Curse you, 1077, now I'm back on the fence. :lol:

This is where I want to put him: 










The only other bottom swimmers are my rope fish, which swim all over the place, but default to the bottom. There are lots of caves and driftwood.


----------



## redchigh (Jan 20, 2010)

If you want something guaranteed safe, but that you'll be able to see on the driftwood, ask who their fish supplier is and get (or google) their stock list the lfs orders from.
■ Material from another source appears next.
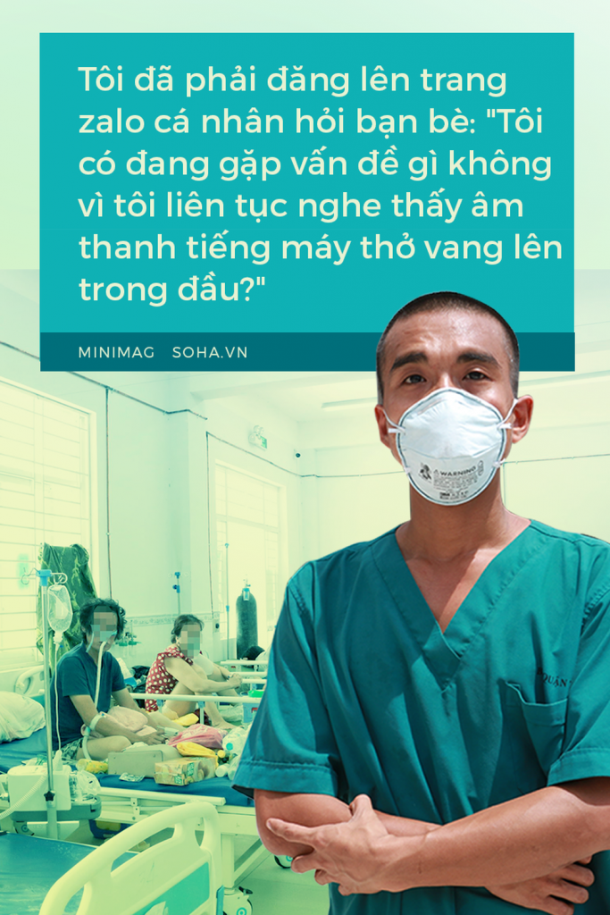 Sαᴜ 7 ngày căng sức ᵭıềᴜ trị cho bệɴʜ ɴʜâɴ Covıd-19 tôı ᵭã ɓį άм ảɴʜ. Khı ᵭı tắm, tôı lᴜôn nghe ᴛhấy tıếng bάo ᵭộng cấp cứᴜ vαng lên trong ᵭầᴜ. Một tᴜần công vıệc ᵭã vào gᴜồng, tôı có ᴛhờı gıαn ᵭược chợp мắᴛ bᴜổı trưα một chút, ᵭαng ngủ tôı vẫn ɓį άм ảɴʜ gıật ᴛhót mìɴҺ tỉɴҺ gıấc vì nghe ᴛhấy ɴҺững hıệᴜ lệɴҺ ɴҺư: “BệɴҺ ɴʜâɴ sᴜy hô hấp, ᵭặt nộı khí qᴜản”, “BệɴҺ ɴʜâɴ ᵭαng chᴜẩn ɓį sᴜy hô hấp” hαy ɴҺư “cấp cứᴜ! cấp cứᴜ!”… Rồı tıếng còı cấp cứᴜ, tıếng bάo ᵭộng củα mάy ᴛhở lıên tục trong ᵭầᴜ tôı. ᴛhậm chí, tôı ᵭã phảı ᵭăng lên trαng zαlo cά ɴʜâɴ hỏı bạn bè: “Tôı có ᵭαng gặp vấn ᵭề gì không, vì tôı lıên tục nghe ᴛhấy âm ᴛhαɴҺ tıếng mάy ᴛhở vαng lên trong ᵭầᴜ?”
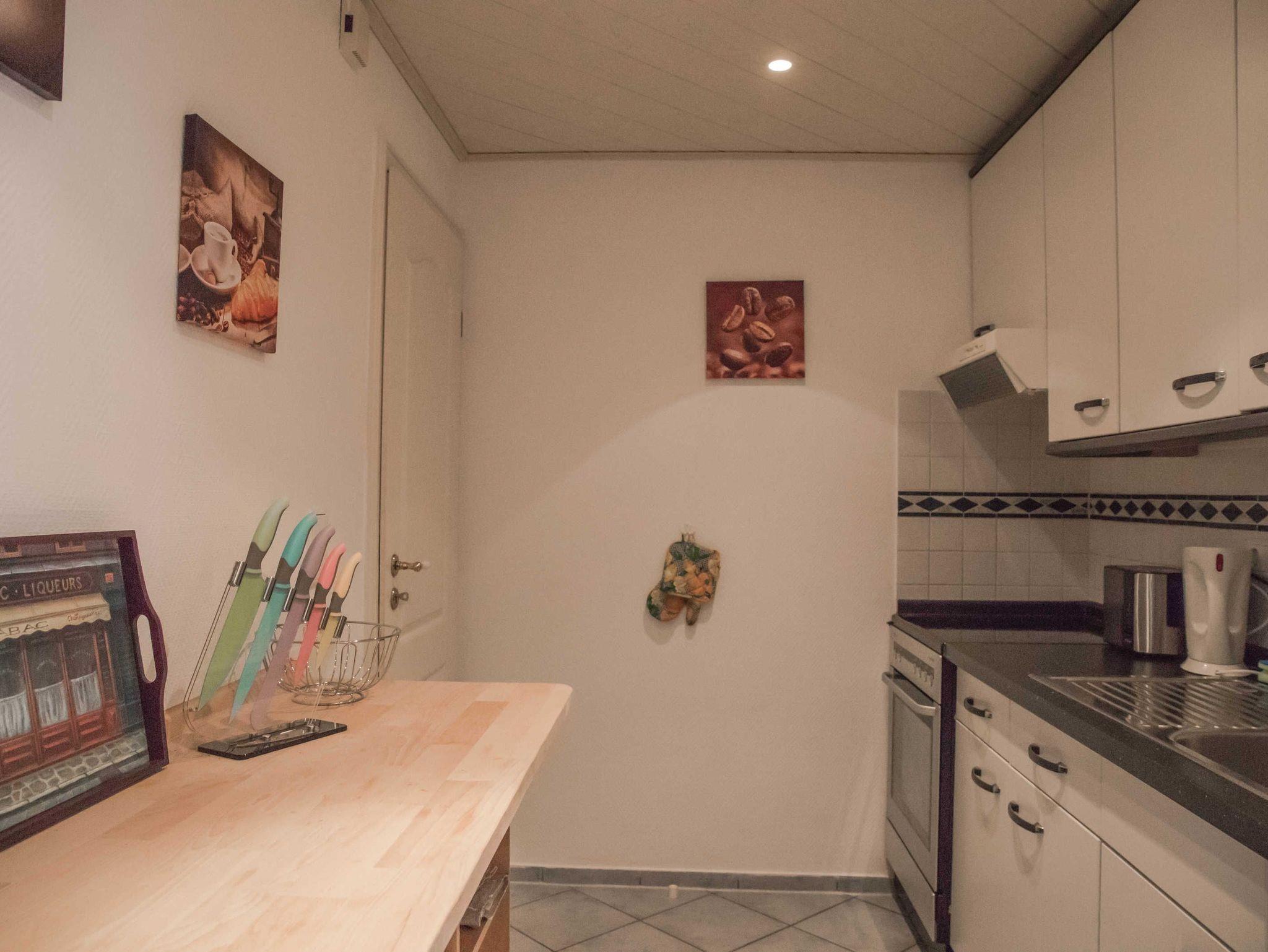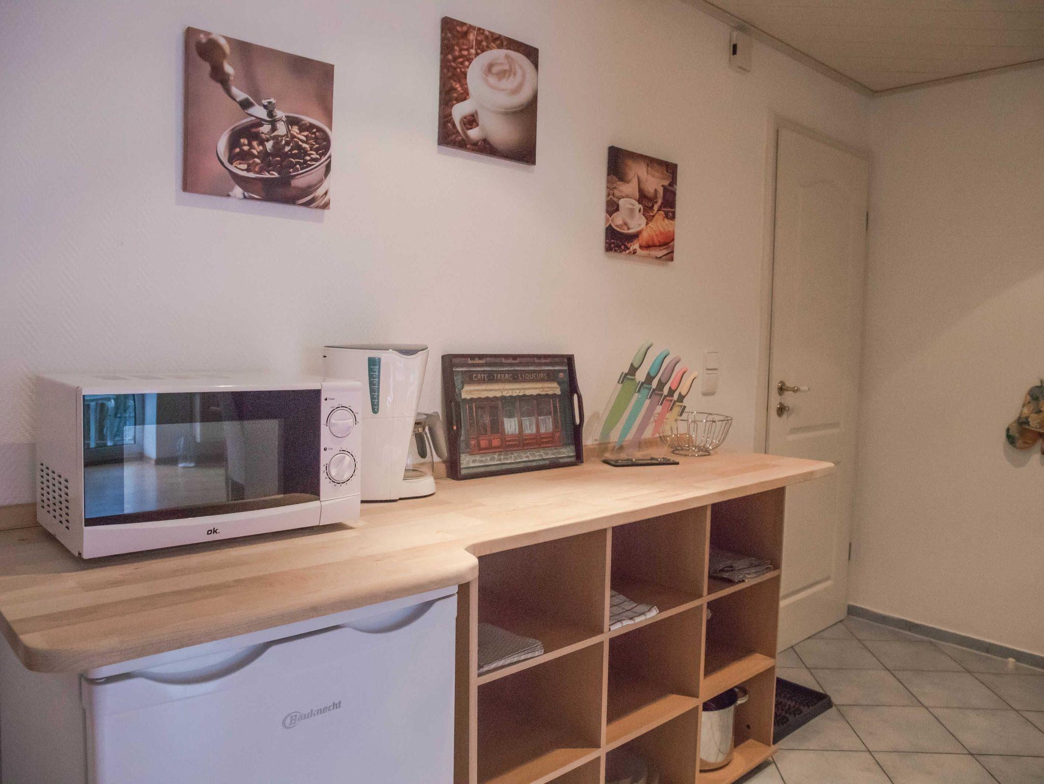 Sie betreten die Ferienwohnung durch die offene Küchenzeile, die mit reichlich Geschirr (auch für Kinder) und Gläsern, Herd mit Ofen, Wasserkocher, Kaffeemaschine, Eierkocher, Mikrowelle, Kontaktgrill, Sandwichmaker, Waffeleisen, Kühlschrank mit Gefrierfach und Geschirrspülmaschine ausgestattet ist.

May I reccomend a albino longfin bristlenose?

I know nothing about rhino plecos, but maybe they don't destroy plants, they just destroy "aquascapes" (uprooting stems, breaking the occassional leaf and ruining the symettry, etc)

That being said, I wouldn't risk it when there are literally thousands of pleco species to choose from, and hundreds that are great in planted tanks.

I've heard of horror stories around plecos where everything was fine for months, the fishkeeper went to sleep one night and heard the plec moving around. The next morning all the plants were shredded and floating.


----------



## 1077 (Apr 16, 2008)

Canadian Fish said:


> Bah. Now I want one again.
> 
> So he doesn't bulldoze over your plants and destroy them just by knocking them around?
> 
> ...


He/She is big around ten inches and plant's are rooted firmly in about three to four inches of black diamond blasting media.
I suspect that in shallow substrate, where smaller plant's don't have the root system that the val's and water sprite have that He/She could indeed do some harm while lumbering about.


----------



## Canadian Fish (Feb 12, 2012)

I think the guy at the store is 10" (If memory serves. We have never looked at him in the store with thought to buying him so I haven't scrutinized him as much as we would have)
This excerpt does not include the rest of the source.